WORK TO BE COMPLETED – Leave out the images; return the rest of the data exactly.

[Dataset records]
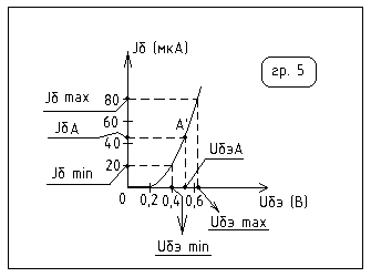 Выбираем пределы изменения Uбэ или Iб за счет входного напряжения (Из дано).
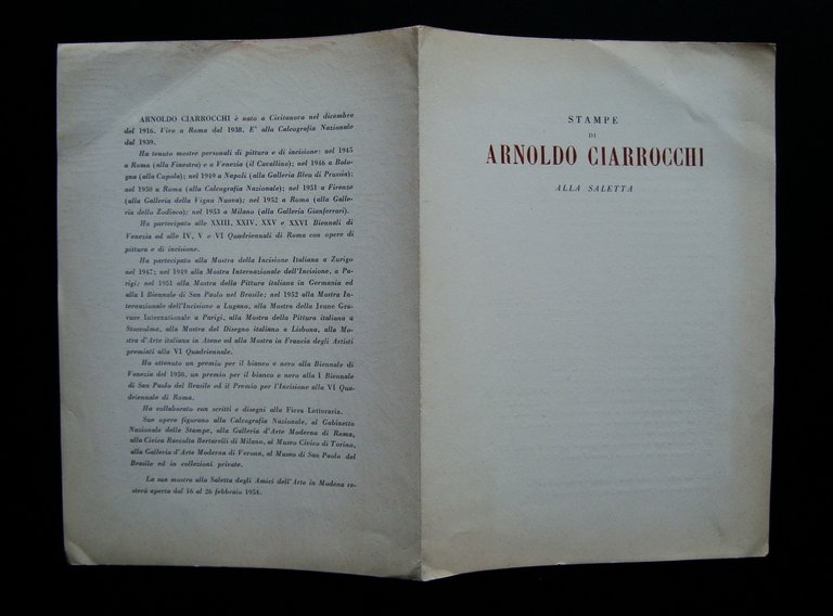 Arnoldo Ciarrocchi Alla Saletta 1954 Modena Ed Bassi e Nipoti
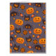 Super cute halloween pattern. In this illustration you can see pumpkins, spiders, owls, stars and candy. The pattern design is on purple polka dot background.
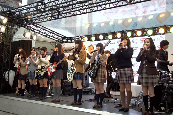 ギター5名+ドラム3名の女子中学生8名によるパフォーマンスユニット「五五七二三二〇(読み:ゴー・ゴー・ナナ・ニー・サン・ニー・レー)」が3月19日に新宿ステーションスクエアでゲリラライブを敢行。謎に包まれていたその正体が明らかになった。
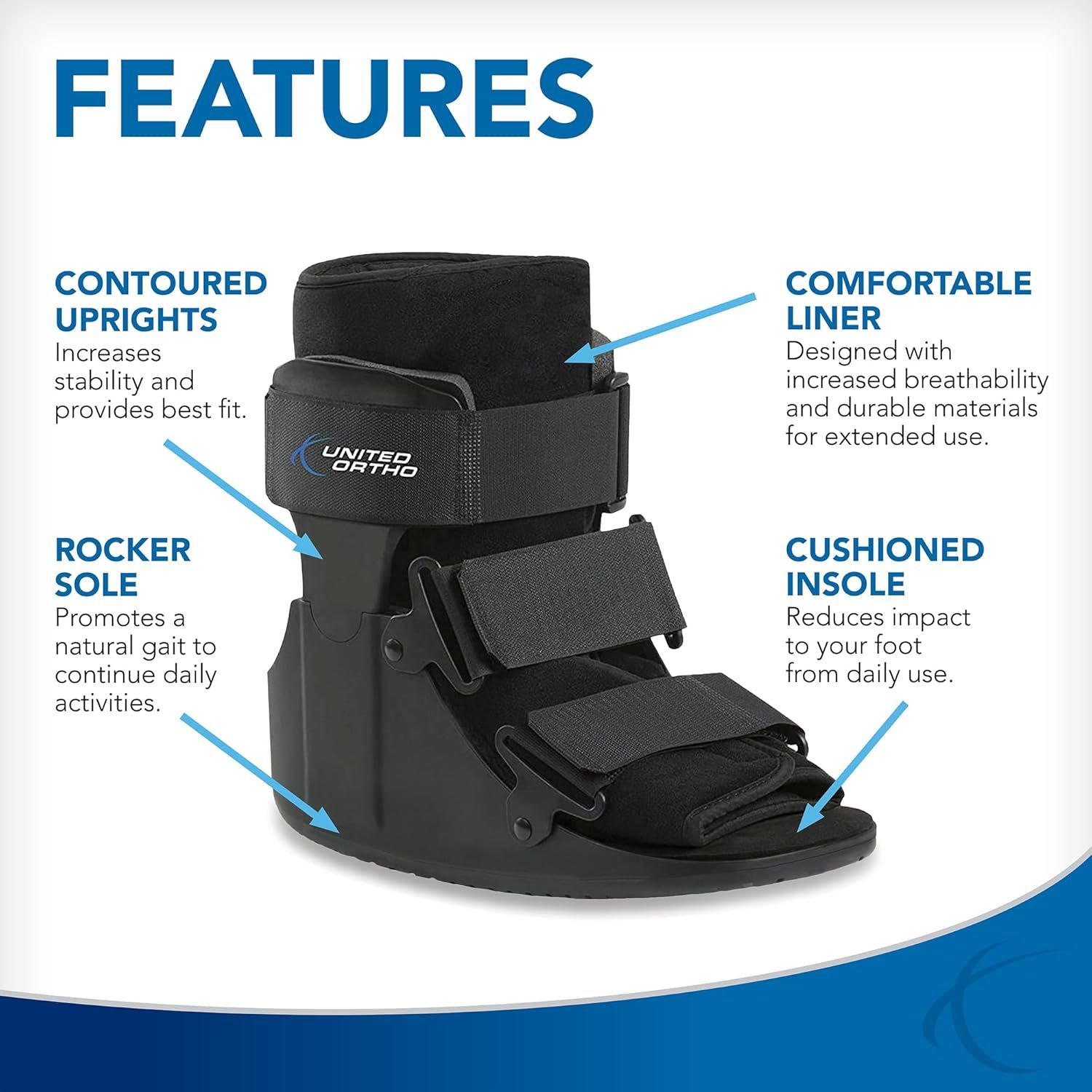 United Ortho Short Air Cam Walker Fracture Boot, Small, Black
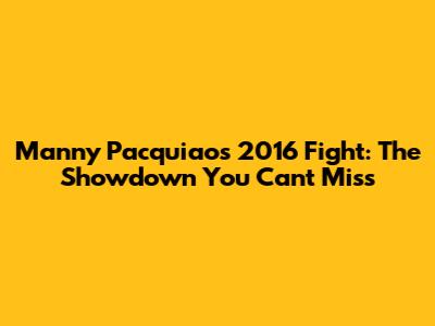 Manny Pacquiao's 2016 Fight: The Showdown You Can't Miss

COMPLETED TASK –
 Выбираем пределы изменения Uбэ или Iб за счет входного напряжения (Из дано).
 Arnoldo Ciarrocchi Alla Saletta 1954 Modena Ed Bassi e Nipoti
 Super cute halloween pattern. In this illustration you can see pumpkins, spiders, owls, stars and candy. The pattern design is on purple polka dot background.
 ギター5名+ドラム3名の女子中学生8名によるパフォーマンスユニット「五五七二三二〇(読み:ゴー・ゴー・ナナ・ニー・サン・ニー・レー)」が3月19日に新宿ステーションスクエアでゲリラライブを敢行。謎に包まれていたその正体が明らかになった。
 United Ortho Short Air Cam Walker Fracture Boot, Small, Black
 Manny Pacquiao's 2016 Fight: The Showdown You Can't Miss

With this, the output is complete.